In our implementation, the DRR module can be instantiated with arbitrary number of queues, where each queue will be used for one class of packets. We can specify the credit per round (in bytes) that is credited to each queue using the register interface. In order to decide on the queue that a particular packet should be sent to, we must place another module right before the DRR module (called packet classifier). Packet classifier may use an arbitrary criterion for classifying packets, it can be based on input port, ToS bits or source IP address prefix; but in all those cases, we don't need to do any change to DRR module. Packet classifier will simply add a control message (with the control bus value equal to 55H) at the beginning of each packet and specifies the class that the packet belongs to (i.e. queue number) and the number of bytes and words in packet. (These can be obtained from IO module headers)

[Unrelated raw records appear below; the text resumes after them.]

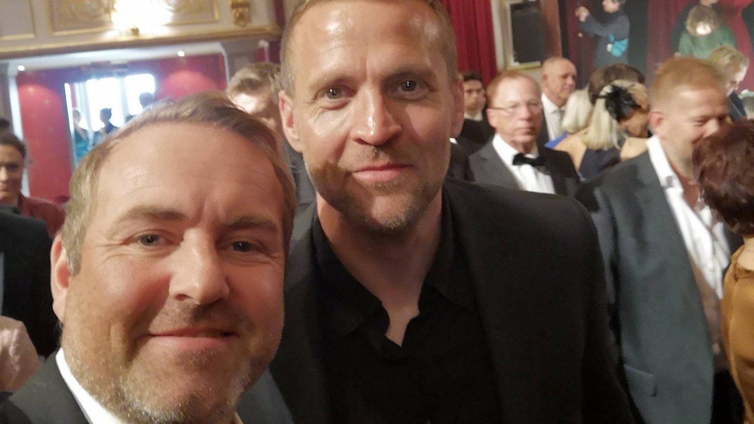 Noen av stjernene kommer man tettere innpå enn andre, forteller Robin. Her er han i alle fall ganske tett på hovedrolleinnehaver Tobias Santelmann under innspillingen i Drammens Teater. Foto: Privat.
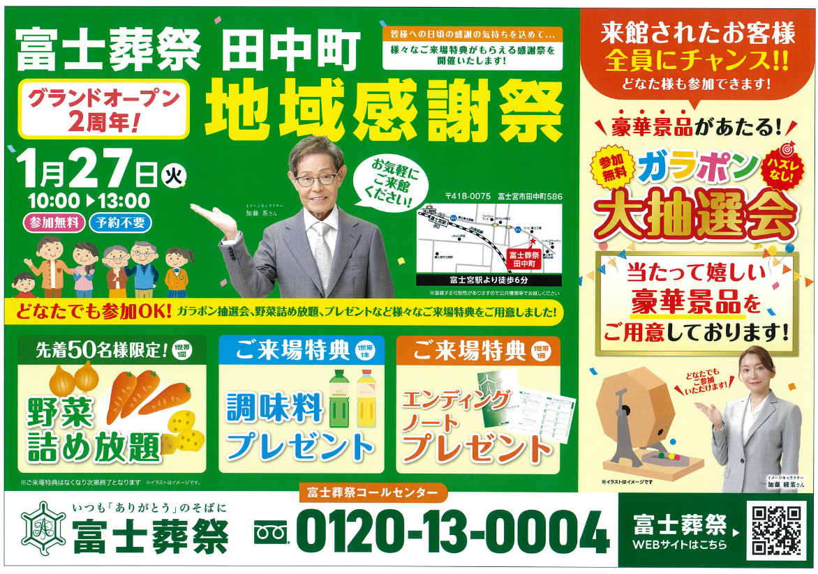 【オープン2周年!地域感謝祭】開催! 富士葬祭 田中町(富士宮市)
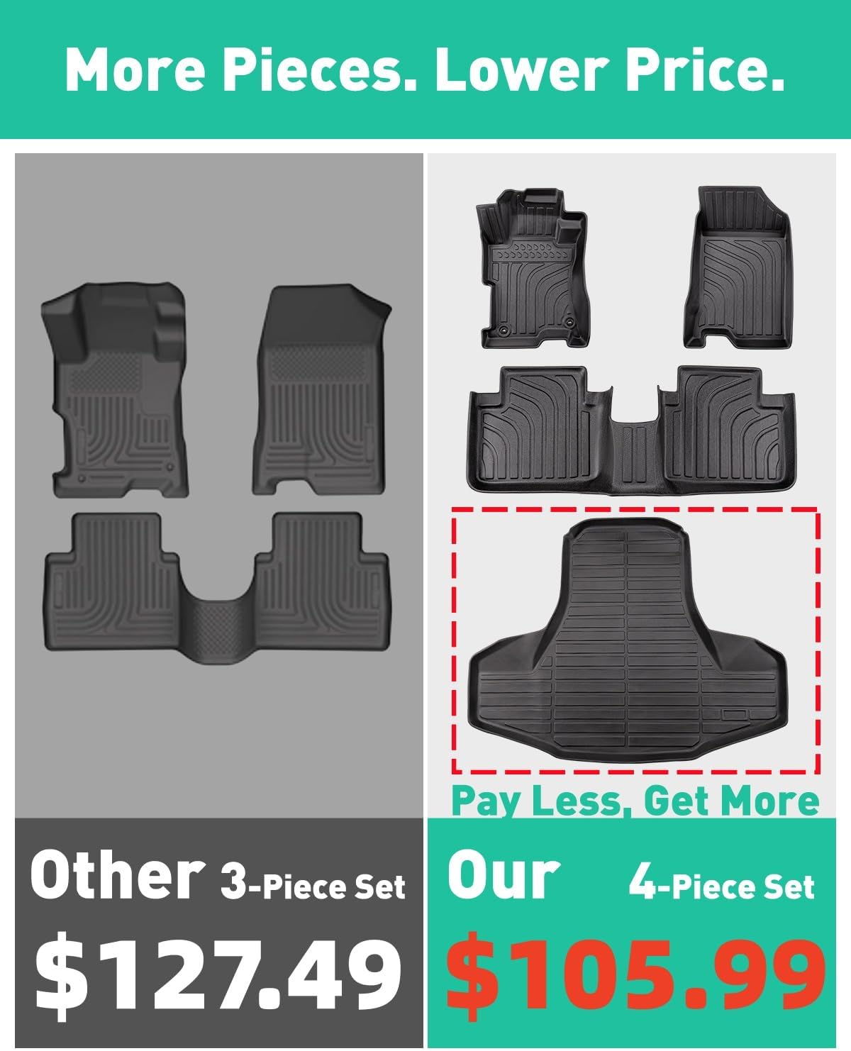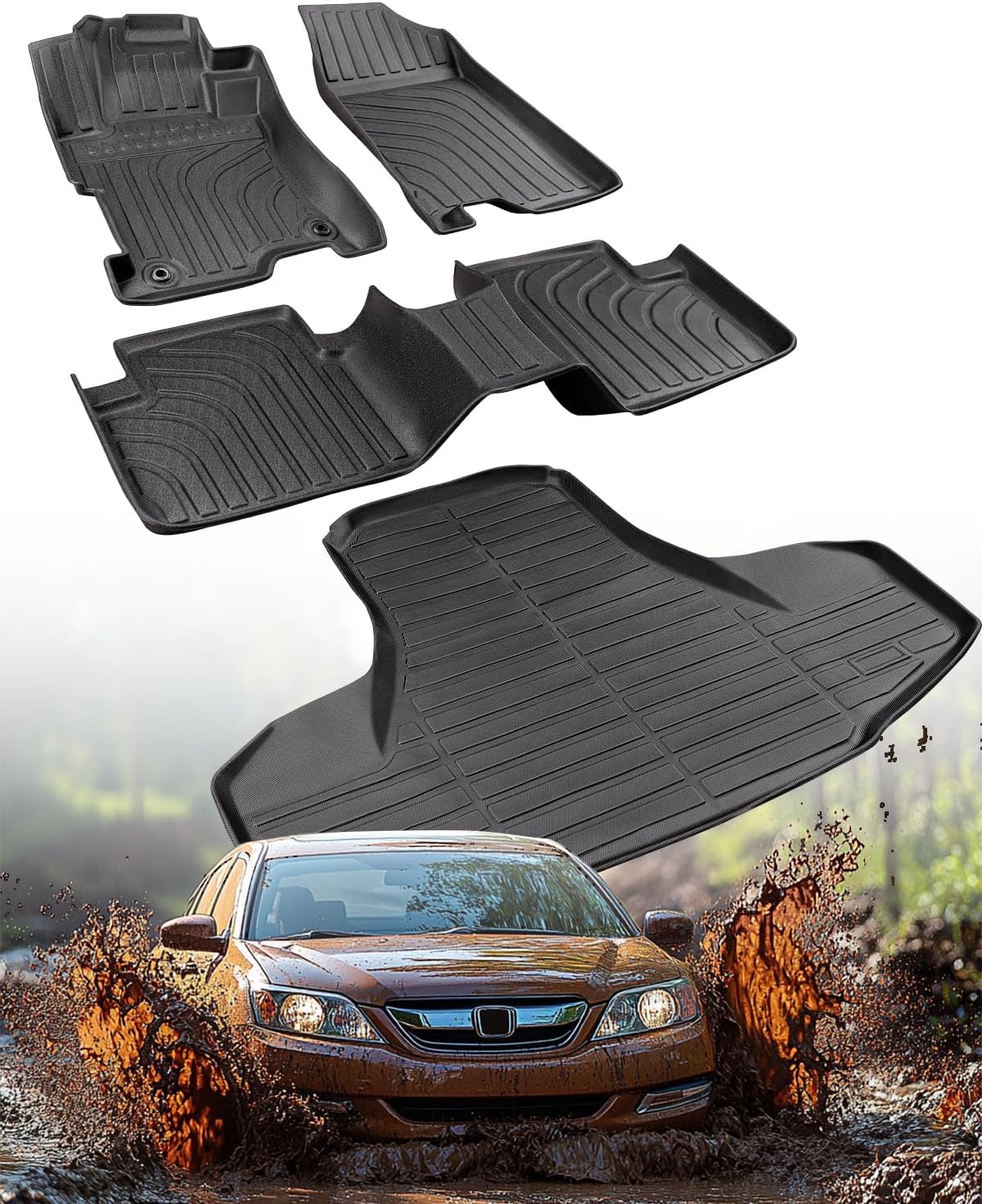 【Custom Fit Design】Precisely engineered for Honda Accord 8th 2008 2009 2010 2011 2012 Sedan (not for Coupe), this 4-piece car mat set includes front, rear, and trunk coverage. Each automotive floor mats & cargo liners follows your vehicle’s contours for a custom fit look, blending perfectly with other interior accessories for Accord

In current distribution, we have a sample packet classifier module that can do classification based on input queue or ToS bits.
DRR just affect the outgoing rate of flows, therefore, we can not have a regression test for verifying it. (Regression tests can not easily measure rate). As a result, the only test that we have right now is for DRR basic forwarding functionality.
To use DRR module, put it wherever in pipeline that is desired, with a packet classifier connected just before it. Instantiate the genric_DRR.v with desired number of priority queues. write a packet classification module that does the classification based on any desired criterion (there is a simple example in distribution that does classification based on input port or ToS), and you are good to go.